Georges Demulder

Personal information
- Full name: Cecil Georges Demulder
- Date of birth: 12 May 1919
- Place of birth: Elisabethville, Belgian Congo
- Date of death: 6 May 1983 (aged 63)
- Place of death: Brussels, Belgium
- Position: Forward

Youth career
- 1934–1936: White Star

Senior career*
- Years: Team / Apps / (Gls)
- 1936–1939: White Star
- 1940–1941: Sporting CP / 14 / (8)
- 1941–1947: White Star

International career
- 1937–1939: Belgium / 2? / (0)

= Georges Demulder =

Belgian footballer(

Cecil Georges Demulder (12 May 1919 - 6 May 1983) was a Belgian footballer who played as a forward. He made one appearance for the Belgium national team in 1939. He was a winger for White Star A.C., today's Molenbeek, and for Sporting CP.

== Club career ==
Georges Demulder played his first match for White Star AC in 1936. The club played in the first tier, Belgian Division of Honour. Demulder gradually became an important player in the team and his good performances earned him a selection for the Belgian national team in 1939.

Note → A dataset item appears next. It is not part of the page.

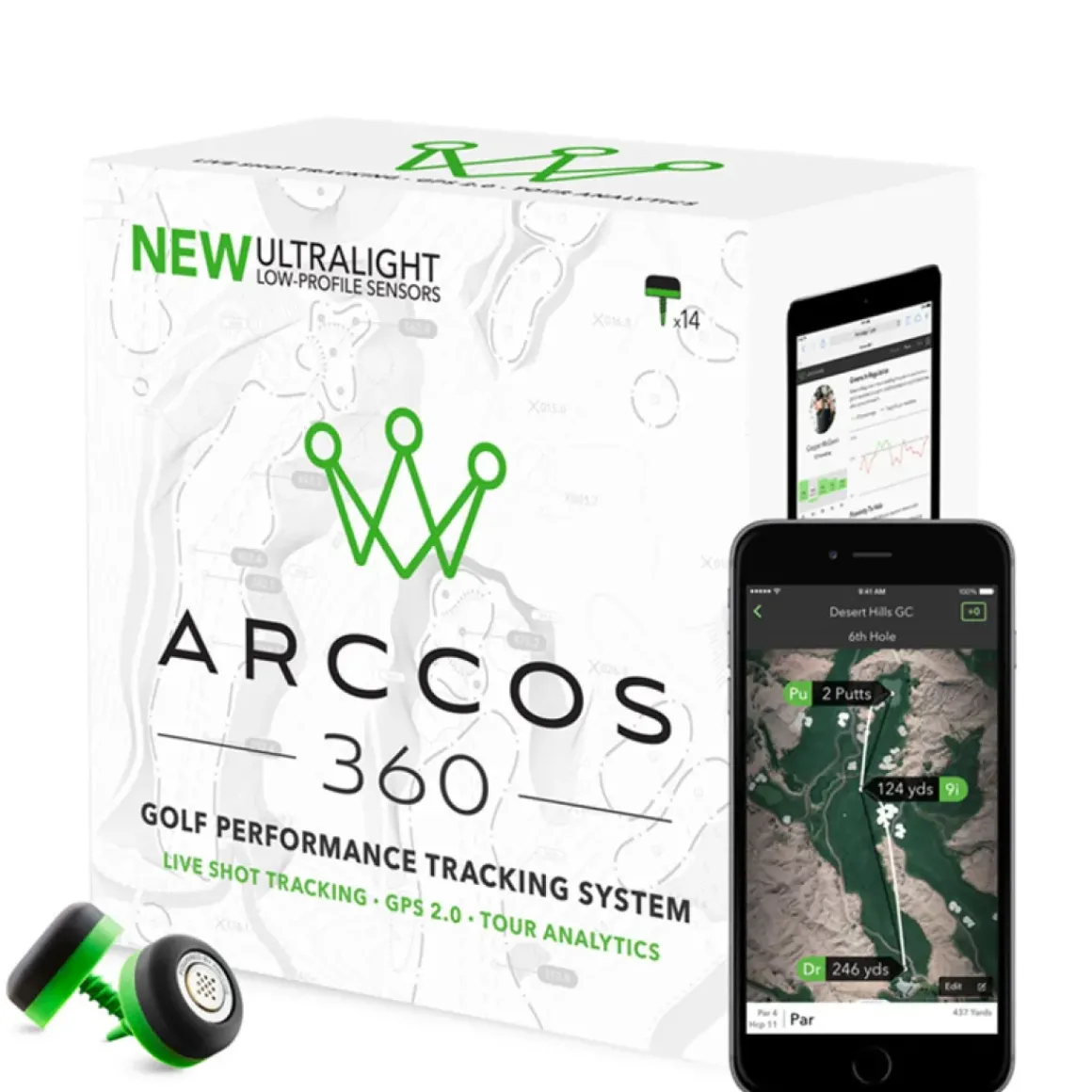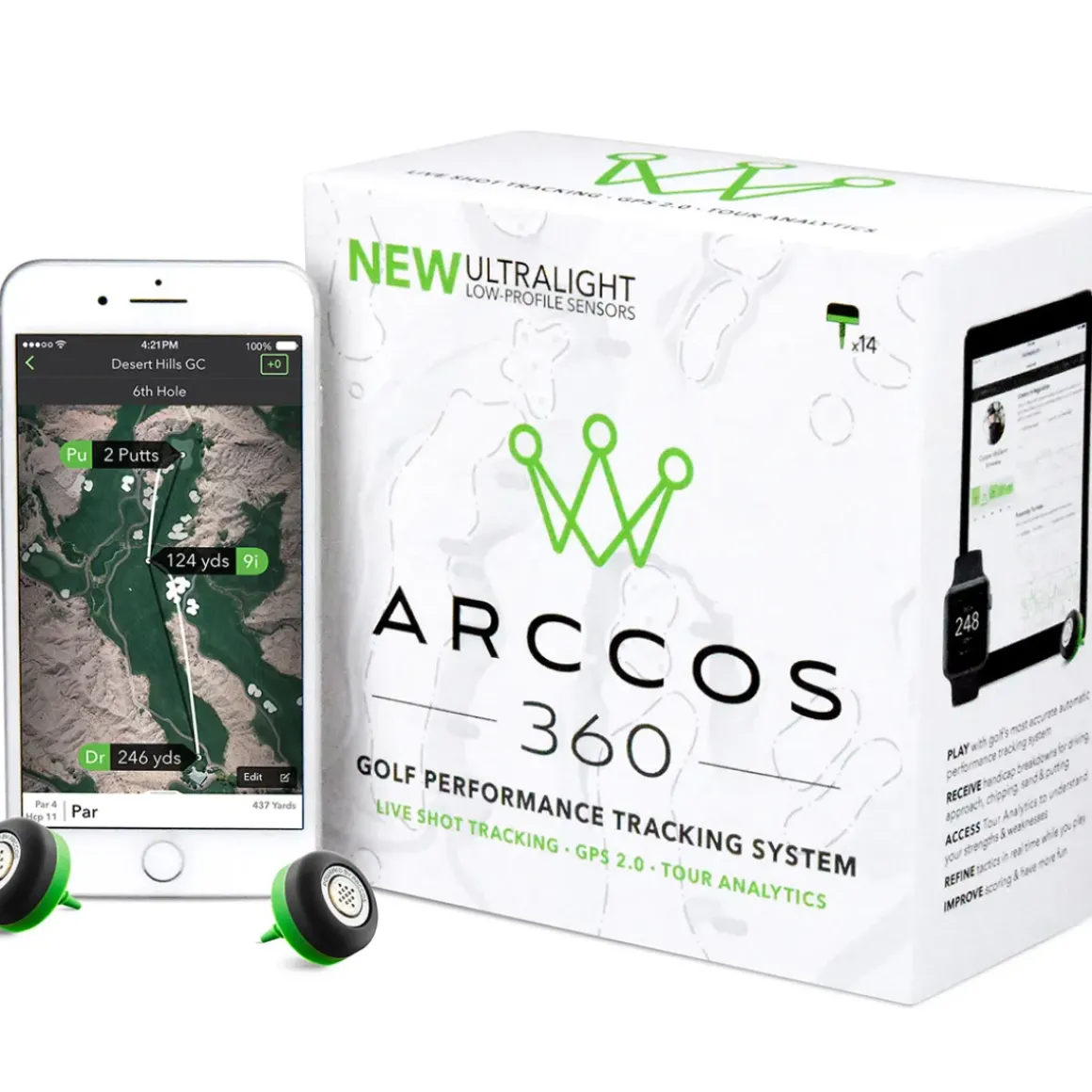 Improve your game faster than ever before, with fully automatic Arccos 360 golf tracking system. This second generation system has an ultra-light profile which provides enhanced shot detection algorithm, with GPS 2.0 App and Tour Analytics to give you valid insight and to make a more improved on-course decision.

With the Second World War approaching, the Demulder family moved to Portugal, where Georges's father could continue his work in the diamond industry. Georges Demulder joined the top club Sporting Clube de Portugal where he scored 14 goals, topping off with the Portuguese national championship of 1940–41. he scored 8 goals that season, including one against Benfica Lisbon. After the father had died in 1941, officially through a car accident yet according to Georges's brother-in-law Arsène Vaillant by assassination, the Demulder family returned to Brussels.

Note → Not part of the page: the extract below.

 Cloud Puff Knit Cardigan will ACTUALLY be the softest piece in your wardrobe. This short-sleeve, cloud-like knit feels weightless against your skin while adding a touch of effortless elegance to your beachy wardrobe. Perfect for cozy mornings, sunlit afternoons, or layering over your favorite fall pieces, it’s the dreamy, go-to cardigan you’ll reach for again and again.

With more war interruptions, Georges returned to play for White Star AC until it was relegated from the first tier in 1947.

== International career ==
Initially, Demulder joined the second squad of the Belgium national team, playing a match against the Netherlands in 1937.

Demulder played at least one official international match on the first squad of the national team, on 14 May 1939. The match ended in a 2–1 loss for the "Red Devils" against Switzerland. Demulder was only the second White Star player to play on the Belgium national team, after Jean Fievez.

The international career of Demulder was disrupted by the Demulder family fleeing to Lisbon and the Second World War. Demulder's brother-in-law, Arsène Vaillant, playing for the same club, played later on the national team.

== Death ==
Demulder died on 6 May 1983, six days shy of his 64th birthday.